Using this metadata method and my previous example, it’s easy to find magazines by location, authors, subject, contents, age, and a long list of other attributes. We can apply this to objects that aren’t the same format; there are examples of video, audio, and print that pertain to the same subjects, authors, etc. This isn’t an impossible implementation. Considering further the Internet Archive, we see thousands upon thousands of metadata-rich items which are easily searchable and identifiable. However, the Internet Archive also suffers from a lackluster interface. It might be easy to find issues of Byte magazine, but it is a lot more difficult to figure out what issues we are missing or see an organizational flow more akin to a wiki system (though both systems lend themselves well to items being in more than one place). A hybridized system like this would be an option worth exploring, but I haven’t seen an ideal execution of it yet.

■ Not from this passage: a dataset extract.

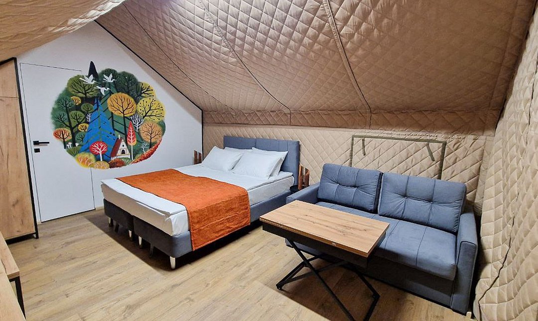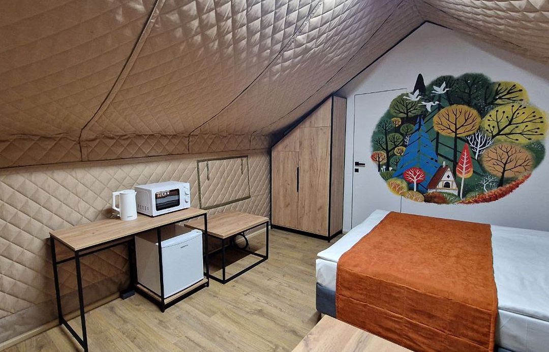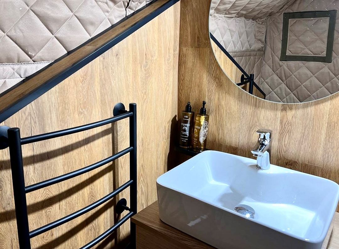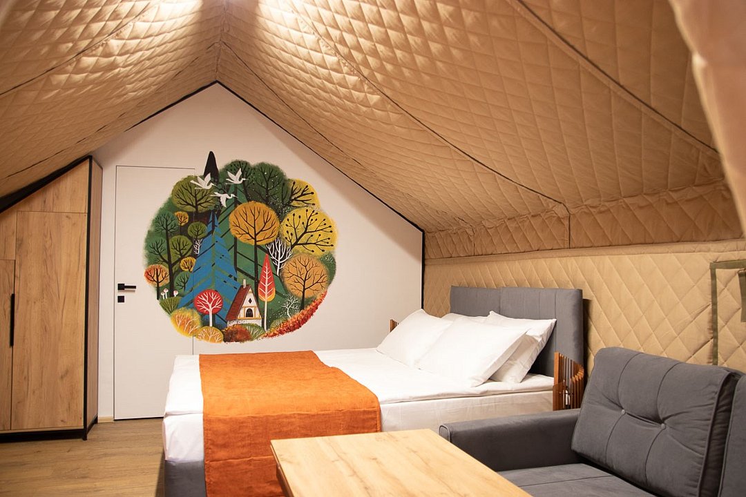 Wi-Fi, настольные лампы, фен, микроволновая печь, обогреватель, ванная комната, душевая кабина, водонагреватель, теплый пол, халаты, банные полотенца, тапочки, гигиенические средства, косметические средства, терраса, две односпальные или большая двуспальная кровать, стулья, шкаф для одежды, вешалки, журнальный столик, письменный стол, зеркало, чайный набор, информационная карта, меню, унитаз, раковина, отопление, отдельный вход в номер, ламинат, стол, тумба, туалетные средства, диван-кровать, мини-холодильник, москитная сетка, гостиничная парфюмерия, телевизор со Smart TV, теплые полы, номер для некурящих, вид на лес, чайная станция, экологичный подход, уборка номера, услуги прачечной (платно), вешалки-плечики, бутилированная вода, навес, открытый шкаф, без питомцевВ сафари-тенте

While this concept of a metadata-based organizational system isn’t a fool-proof solution, it can certainly be seen as a step in the right direction. We must also consider the credibility of those who decide to make contributions to metadata, especially on a large-scale public system. Consider the chaos and political makeup of how Wikipedia governs editing and then you’ll start to get an idea. While I’d like to implement a tagging system for my own personal media library (with my own tagging at first and the possibility of expansion), I am limited by my current conglomeration of hard drives scattered to different parts of the house, usually powered off. My next storage solution will take these ideas into planning and execution, making my data much easier to traverse. I will however have limitations as I won’t have many people perpetually reviewing and tagging my data with relevant information.

That said, the idea of being able to make my data more accessible is an exciting one, and increases portability of the data as a whole if I ever need to pass it on to others. As my tastes evolve and grow, so will the collection of data I hold.

With any hope, my organized chaos will ultimately become a little more organized and a little less chaotic.

With any luck, you’ll be able to browse it one day.